青森県、高卒者の就職内定率が回復


 この数年、高校生の就職内定率は全国的に軒並み下がっています。これは高卒者を多く受け入れる工場が海外へ移転するなど産業の空洞化が原因だと見られています。

 

 そんな中、青森県内の新規高卒者の就職内定率は2月末現在で89・2%となり昨年同月比よりも4.8ポイント増加となりました。求人倍率も1.25倍と好調です。理由としては製造業だけでなく、多種多様な幅広い業種からの求人が出たことと、景気の先行きに明るい兆しが見えたため、いままで採用を控え従業員の平均年齢が上がってしまった企業が、従業員の若返りのために高卒者を求人したことが要因と言えます。

 

 今春の就職内定率は、まだリーマンショック前になる1997年の90・8%には戻っていませんが、15年ぶりの高水準となりました。

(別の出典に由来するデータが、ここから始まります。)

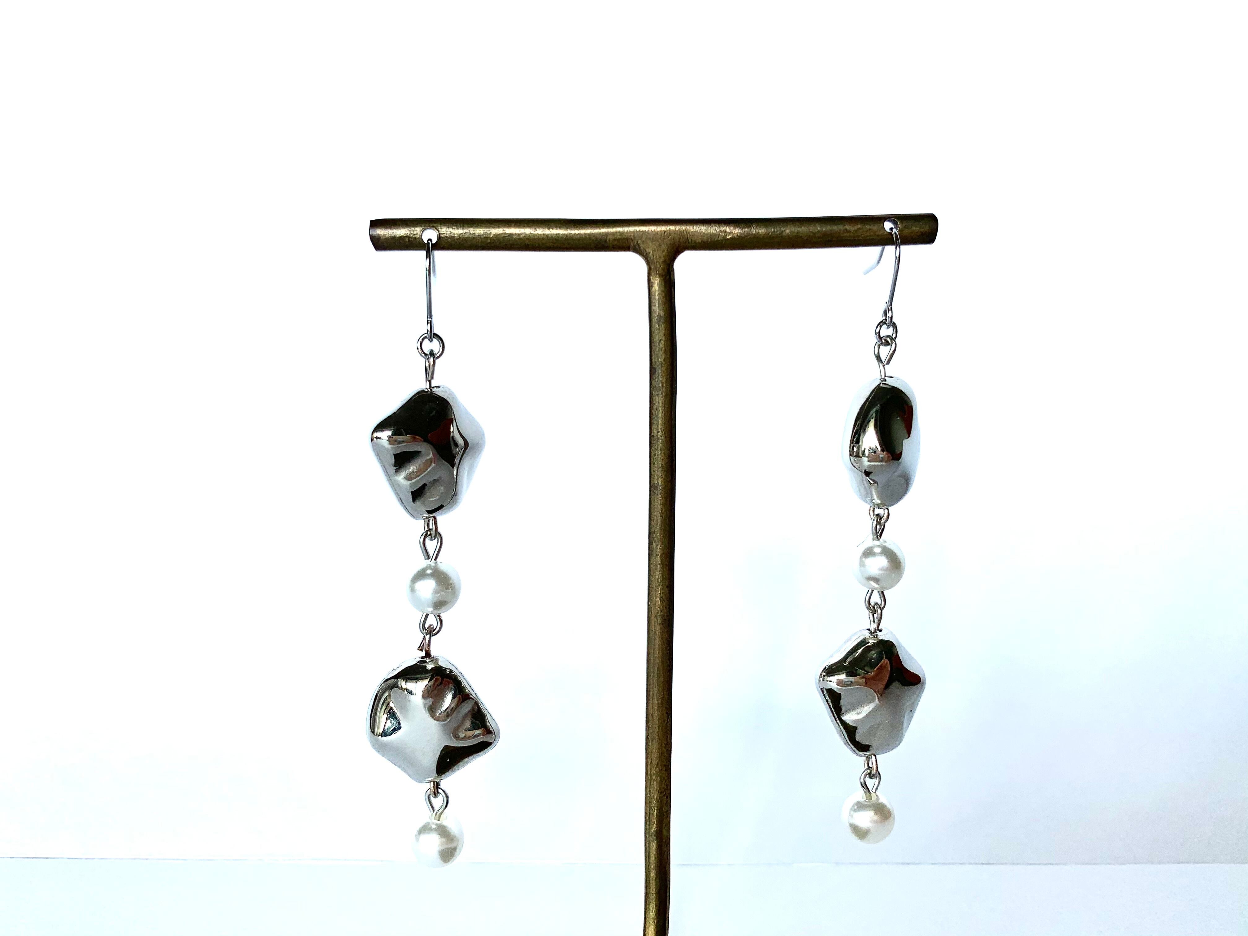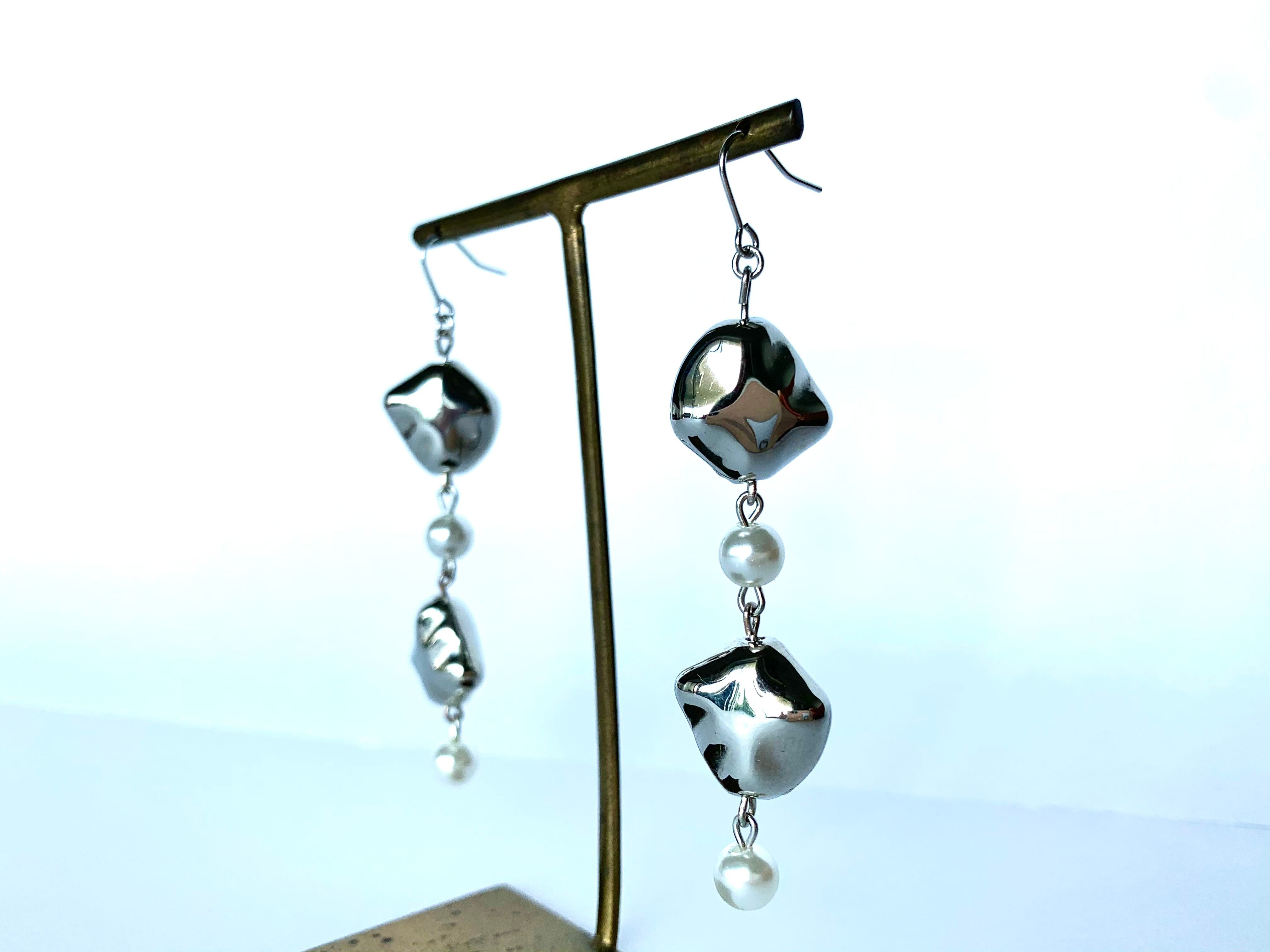 ナゲットのようなコロンとした形のシルバーと大きすぎず小さすぎずのパールを連ねてみました。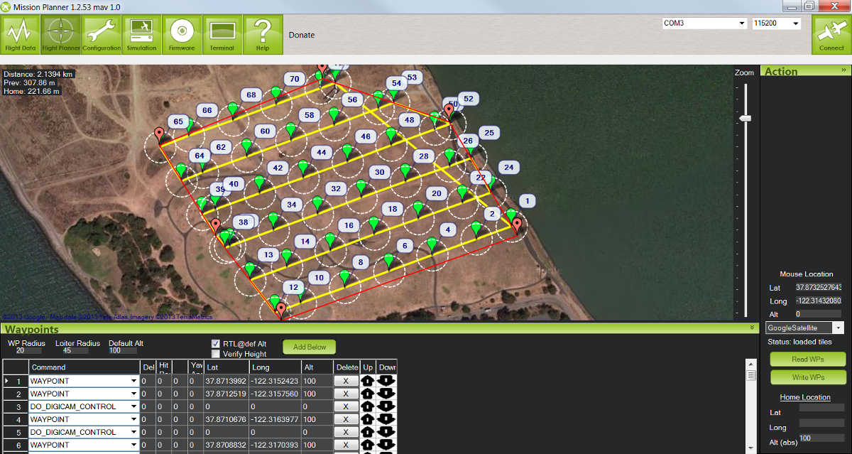 One of our favorite applications of CHDK is creating a map of an area by stitching automatically-captured pictures into a composite image. We’ll use the same 3DR_Shoot.basscript that we used in the previous section. The process is similar to setting shutter triggers at waypoints, only to make sure we capture the entire area we need more frequent, more regular waypoints. We’ll do this automatically using Mission Planner’s Grid V2 automatic waypoint function.

このまま景気が回復すれば来春にはリーマンショック前に戻るかもしれません。

 

 この就職内定率を上げるために青森県では、高校生向けの「就職ハンドブック」をさくせいしたり、企業見学会を開催したり、「インターシップ受け入れ企業」の開拓、県内事業所に求人提出や採用活動の早期取り組をお願いする「求人開拓ローラー作戦」などを展開しました。これらの地道な努力が実を結んだと言えるでしょう。

 

 日本の将来を支える若い人たちが働くチャンスを得るというのは、停滞気味の日本経済界にとても重要なことだと思います。彼らが長い社会人時代にキャリアを積んで日本を引っ張ってくれる人材に育つことを願うばかりです。